Ringgit opens lower against greenback following bullish FOMC valuation
KUALA LUMPUR (September 23): The ringgit fell further against the US dollar at the opening bell today, following the optimistic US Federal Reserve (Fed) conclusion at the Federal Open Market meeting Committee (FOMC) yesterday, which could lead to a possible hike in its key rate, an analyst said.
At 9 a.m., the local banknote had depreciated to 4.1925 / 1955 against 4.1910 / 1950 at yesterday’s close.
Bank Islam chief economist Dr Mohd Afzanizam Abdul Rashid said the FOMC meeting ended with the Fed explicitly declaring its intention to cut back its asset purchase program soon.
“FOMC members believed that the US economy had made good progress towards achieving its dual policy goals, including maximum employment and price stability,” he said. Bernama.

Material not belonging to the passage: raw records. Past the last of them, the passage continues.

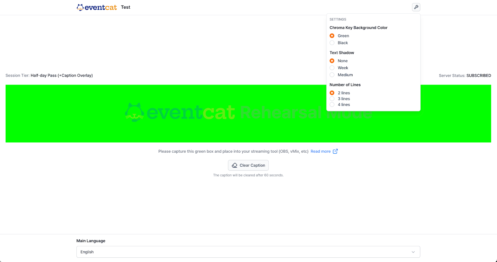 You can enable the caption overlay feature as an add-on to EventCAT’s Half-Day or Full-Day passes.
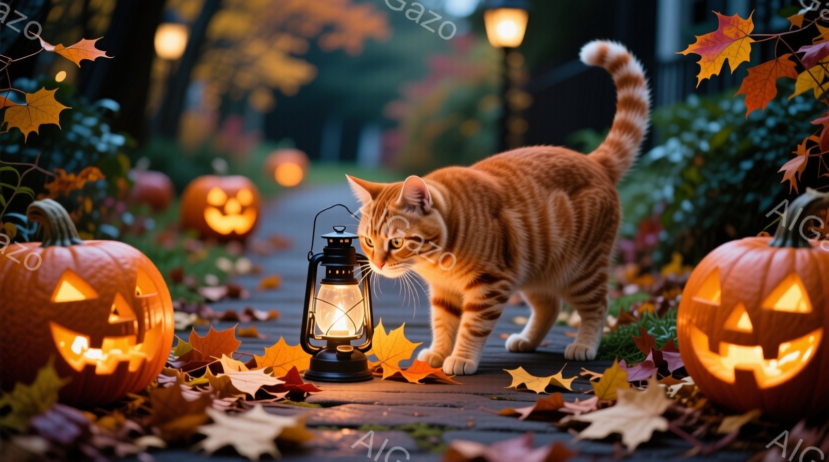 人間が描き、現実的な猫の代わりに、逆立ちする猫のようなキャラクターを用いたホログラフィックイメージであり、以下の要素が含まれています。 - キャラクターは、ハロウィンの雰囲気を出している。1猫は恐れを示す表情であり、2猫は興奮した表情を持っています。 - キャラクターの服装と髪型は魔法使い風で、魔法使いの様子を模しています。1猫は黒色の魔法使い風の服装、2猫は各自が違った色の魔法使い風の服装を着用しているでしょう。
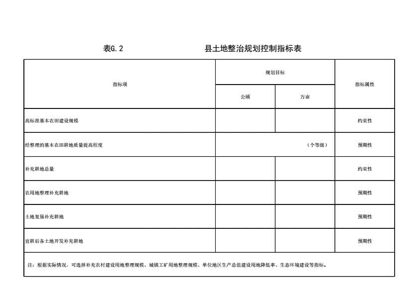 表格名称:表G.2 ××县土地整治规划控制指标表
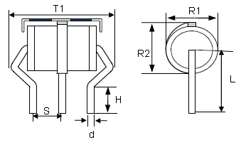 "83F" (No lead type) | ![]() | R1=8.1±0.3 R2=9.8±0.4 T1=13.4+0.8/-0.5 L=7.5±0.5 S=4.4±0.4 d=1.0±0.05 H=4.5Min. |
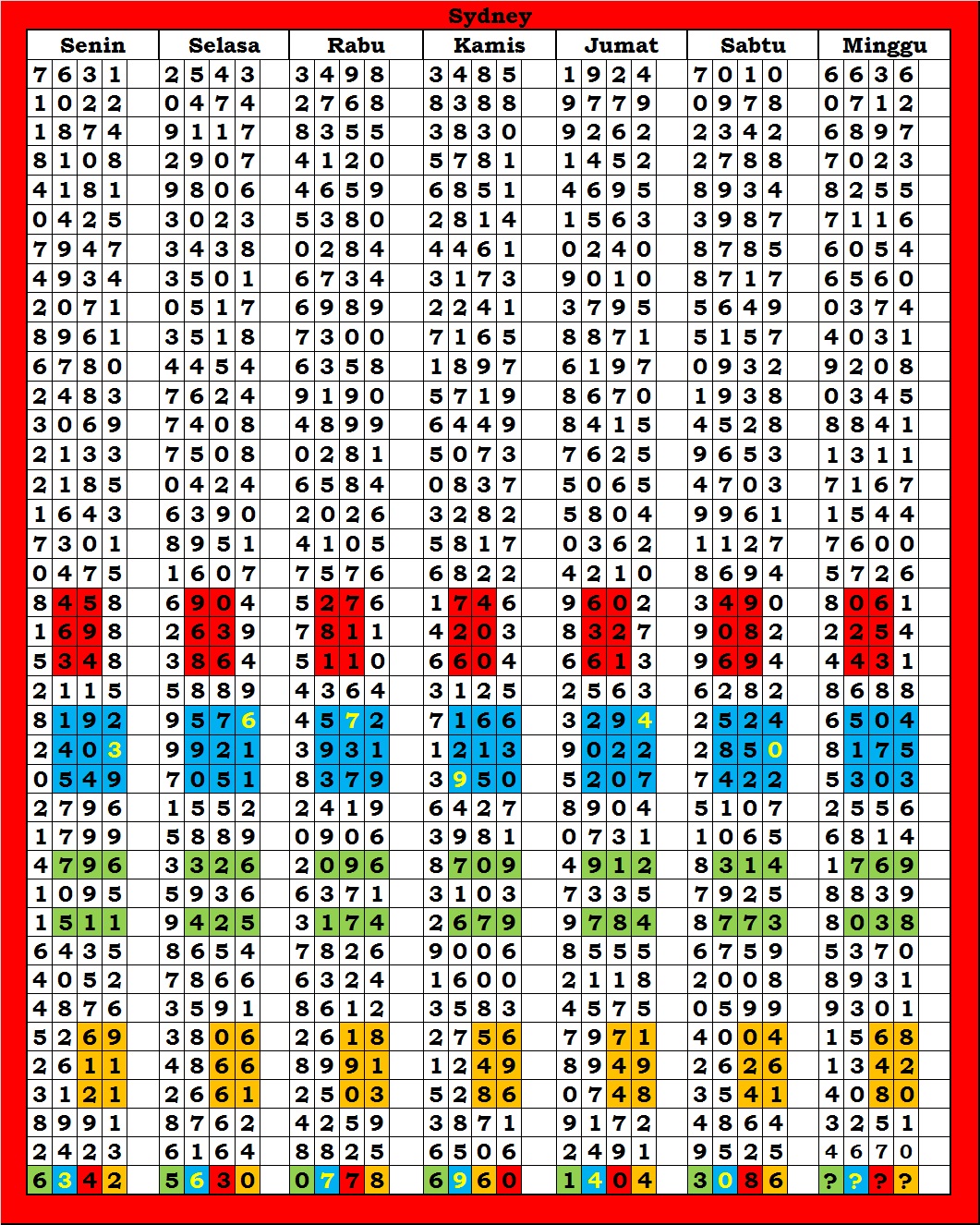 | TABEL DATA SYDNEY 6D VERSI HARIAN |
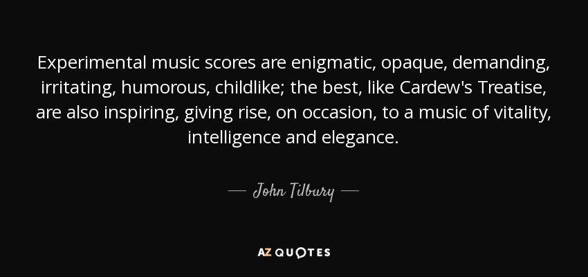 Experimental music scores are enigmatic, opaque, demanding, irritating, humorous, childlike; the best, like Cardew's Treatise, are also inspiring, giving rise, on occasion, to a music of vitality, intelligence and elegance.
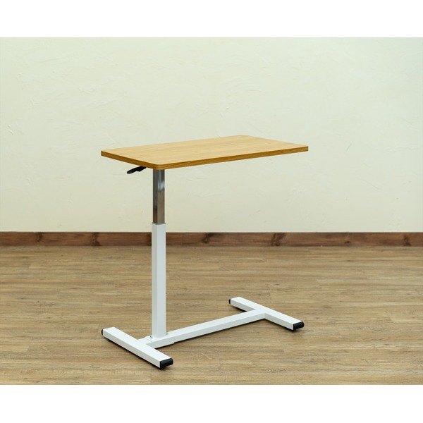 ■サイドテーブル エンドテーブル コーナーテーブル 小型 脇台 机 幅700mm ナチュラル 昇降式 金属 スチール キャスター付 移動可能 車輪付
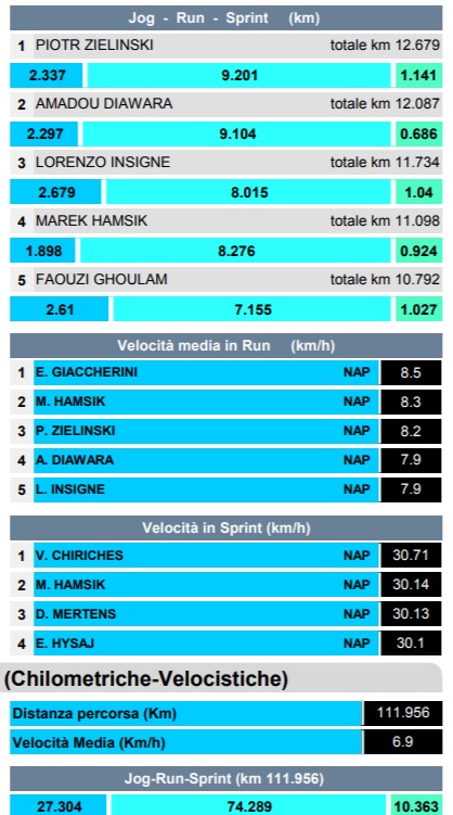 Altro che calo fisico. Il Napoli con 111,956km eguaglia la distanza percorsa dal Genoa di Juric. Nei singoli spicca Zielinski con 12,679km ed a seguir Diawara, Insigne, Hamsik (uscito prima rispetto ai compagni) e Ghoulam.
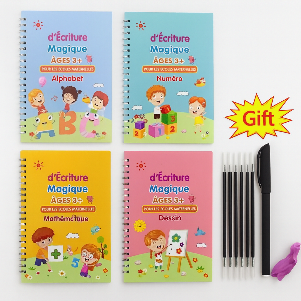 WAOUH ! Notre nouveau livre magique pour "apprendre à écrire en 28 jours".Réutilisable : Notre encre Magique Calligraphie disparaît après quelques minutes seulement !Pédagogique : Apprenez l'alphabet, la cursive, les chiffres et d'autres activités !Innovant : Apprenez à écrire avec les DEUX MAINS !Économisez de l'argent: Ne dépensez plus en matériel consommable pour les cahiersAmusant: Une pléthore de jeux pour garder votre enfant loin des gadgetsCréatif: Un monde d'histoires, de couleurs et d'aventures
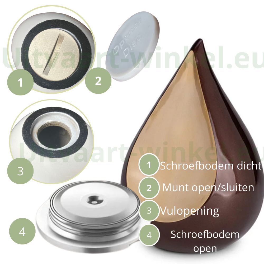 Zelf vullen kan natuurlijk ook – voor veel mensen is dat een bijzonder moment: gebruik bij voorkeur een vulset en werk op een zachte, vlakke ondergrond. Vul rustig en verdeeld, veeg restjes voorzichtig weg en sluit stevig (schroefbodem of deksel). Liever begeleiding? Het crematorium kan vaak helpen.
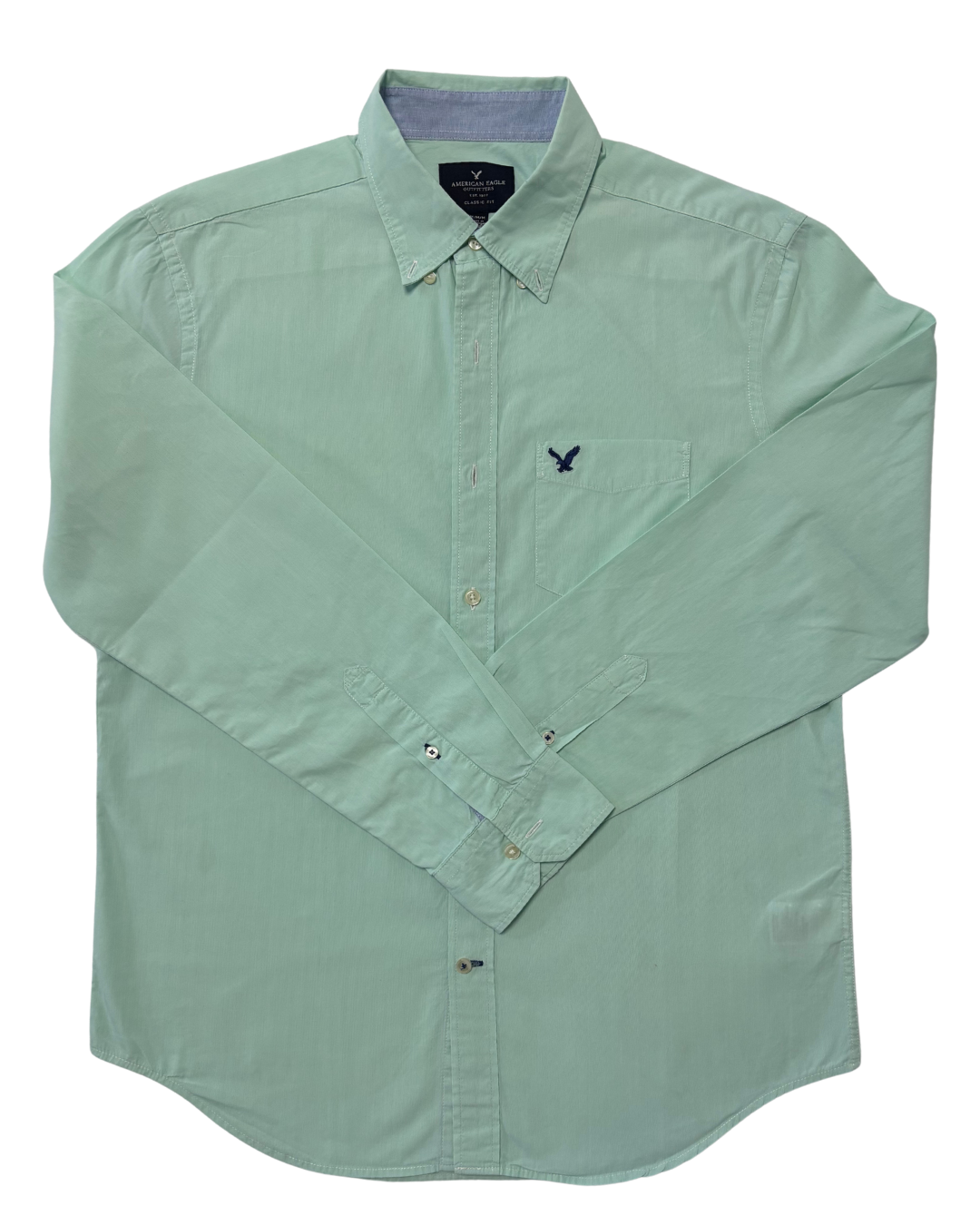 Product form American Eagle Classic Fit Mint Green Button-Up Shirt - M Measurements (inches) Pit to Pit: 21.5Length: 28.3 Brand Size: M Dhs45.00 Quantity Add to cart Washed & Ready to WearFree shipping on all orders above 100 AEDNext day delivery

More importantly, he said the Fed’s dot charts indicated that more participants expected higher interest rates next year, where the funds rate could be above 0.25% in 2022.
“The survey of Fed members was also in line with economic projections, as the US gross domestic product (GDP) forecast for 2022 was increased to 3.8% from 3.3% forecast in June.” , did he declare.
Mohd Afzanizam noted that the inflation rate projection has also been revised up until 2023, implying that the rate hike cycle will begin in 2022.
Therefore, the greenback is also strengthening against major currencies, he added.
âAs such, the ringgit could remain weaker today,â he said.
Likewise, ActivTrades trader Dyogenes Rodrigues Diniz said the scenario could drag the local rating over the next few days to the 4.2400 level, where it could encounter some selling pressure.
âApart from that, the Consumer Price Index (CPI), which is expected tomorrow, could bring some volatility to the market.
âIf the CPI is lower than expected, it could cause the ringgit to lose more value against the US dollar,â he said.
On opening, the ringgit was trading higher against a basket of major currencies.
The ringgit rose against the British pound at 5.7085 / 7126 from 5.7140 / 7195 at yesterday’s close, climbed against the Singapore dollar to 3.0948 / 0972 from 3.0996 / 1028, and appreciated to 4.8998 / 9033 against the euro of 4.9156 / 9203 yesterday.
The local rating also widened against the yen to 3.8162 / 8193 from 3.8270 / 8311 previously.